### Given entries ###
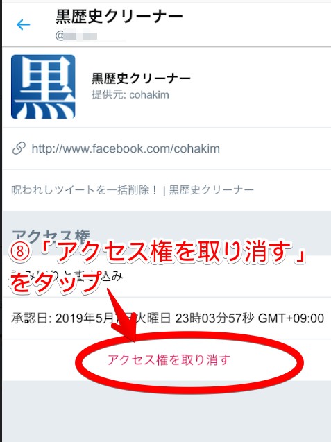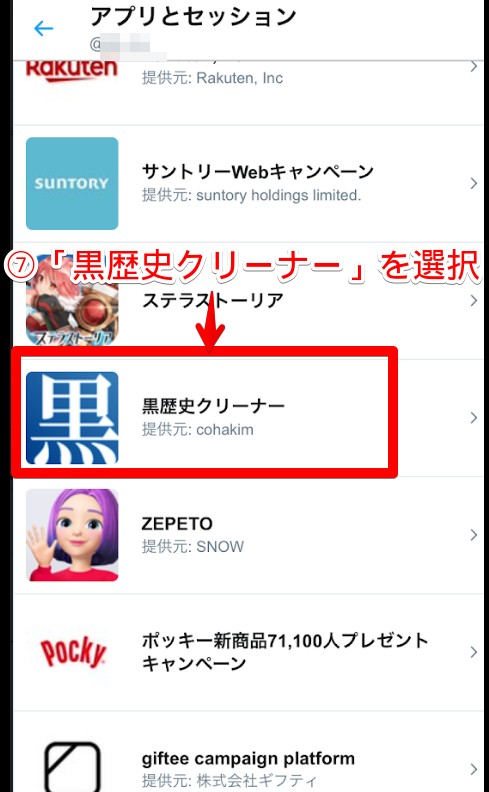 これまでに権限を許可しているサービスやツールの一覧が表示されます。その中から「黒歴史クリーナー」を選択します。
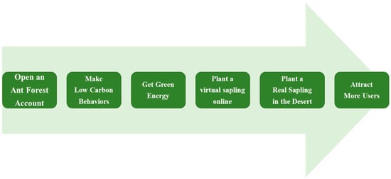 Meanwhile, with the combination of green finance theory and Internet technology, many innovative green finance practice products have emerged. Among the many green financial products, Ant Forest adopts an innovative “public welfare + gamification” model, applying it to the product and balancing public welfare value with market economic value [25]. It quantifies the carbon emission reductions from users’ green consumption behaviors into digital measurements, forming users’ exclusive carbon accounts, encouraging everyone to contribute to energy conservation and emission reductions through their carbon account platforms [26], and converting them into carbon assets through financial means, effectively promoting the development of personal carbon finance products in green finance [27]. Therefore, many scholars have studied Ant Forest as an innovative practice for successful green financial products [28,29].
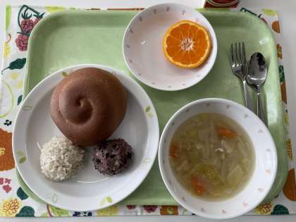 献立 ココアパン 紅白チンジュワンズ 白菜のスープ はれひめ 牛乳
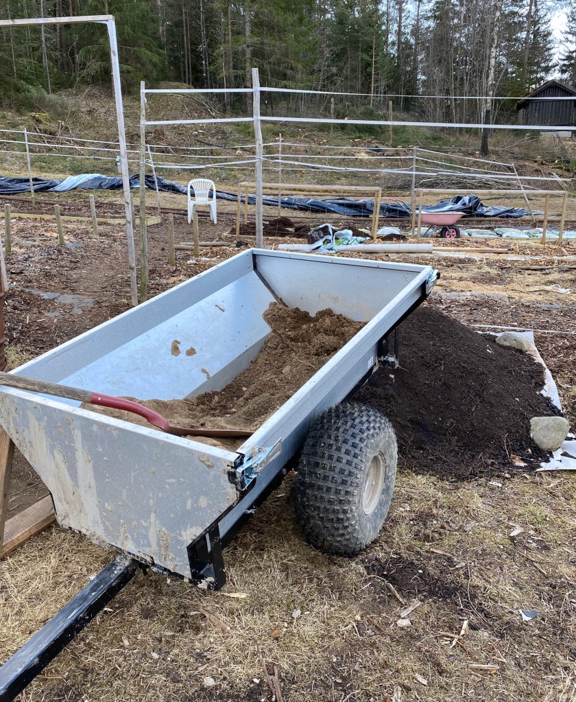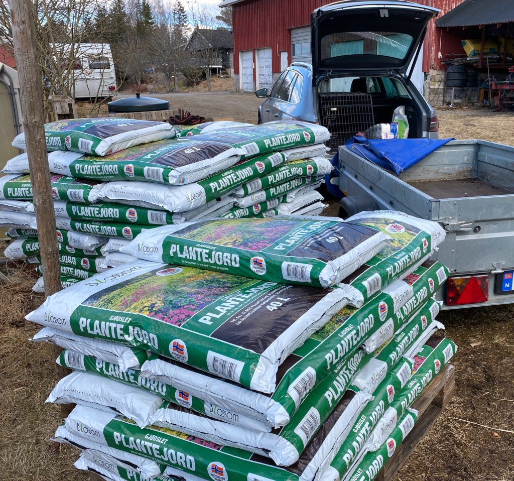 Noen av såbeda må også ha tilført mer jord og næring. For å slippe ugress valgte vi derfor å kjøpe inn to paller med ferdig gjødslet plantejord. I tillegg har vi tidligere i år kjøpt inn kompostjord, så dette burde bli bra miks for gulrøttene.
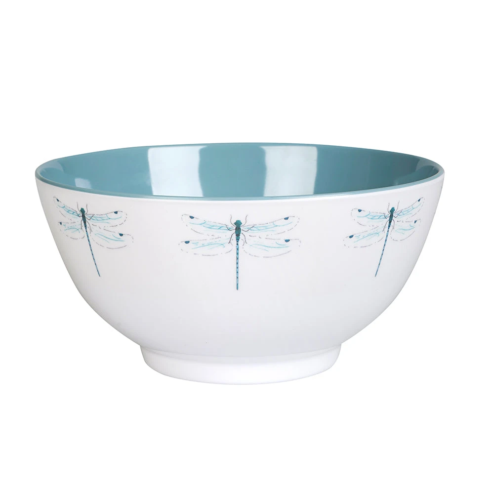 Regal dragonflies flitter around the edge of this melamine bowl – ideal for kids in the garden or family picnics over the summer. The contrasting dusky blue inner coordinates beautifully with the whole Dragonfly picnic collection.
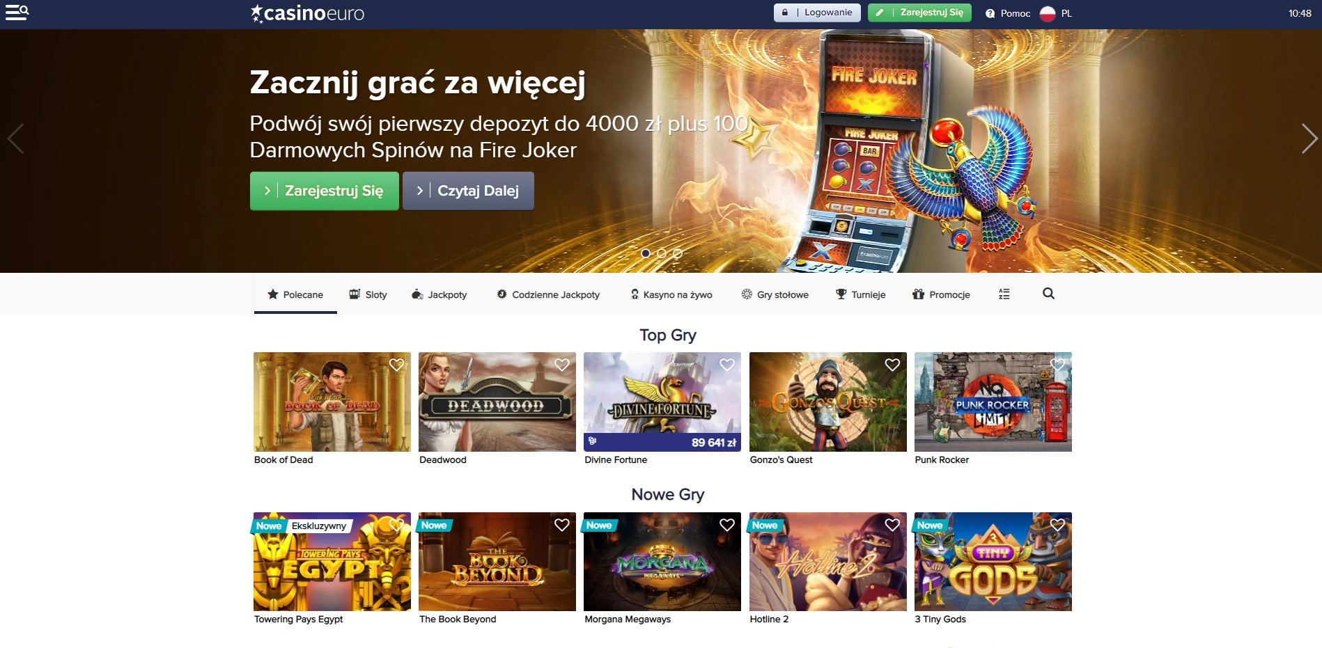 - Sloty: Book of Dead, Starburst, Wolf Gold, Piggy Riches Megaways, Esqueleto Explosivo 2, Fire Joker, Legacy Of Dead, Gonzo’s Quest, Sticky Joker, Pop Rocks, Riches Of Robin, Rainbow Hood: Shifting Riches, Fruit Shop, Legacy of Egypt.
###
| Exercise directions |
Copy only these lines from the records above, exactly: the one with "Meanwhile, with the", the one with "献立 ココアパン 紅白チンジュワンズ 白菜のスープ はれひめ 牛乳", and those between. Skip the pictures.

| Expected output |
 Meanwhile, with the combination of green finance theory and Internet technology, many innovative green finance practice products have emerged. Among the many green financial products, Ant Forest adopts an innovative “public welfare + gamification” model, applying it to the product and balancing public welfare value with market economic value [25]. It quantifies the carbon emission reductions from users’ green consumption behaviors into digital measurements, forming users’ exclusive carbon accounts, encouraging everyone to contribute to energy conservation and emission reductions through their carbon account platforms [26], and converting them into carbon assets through financial means, effectively promoting the development of personal carbon finance products in green finance [27]. Therefore, many scholars have studied Ant Forest as an innovative practice for successful green financial products [28,29].
 献立 ココアパン 紅白チンジュワンズ 白菜のスープ はれひめ 牛乳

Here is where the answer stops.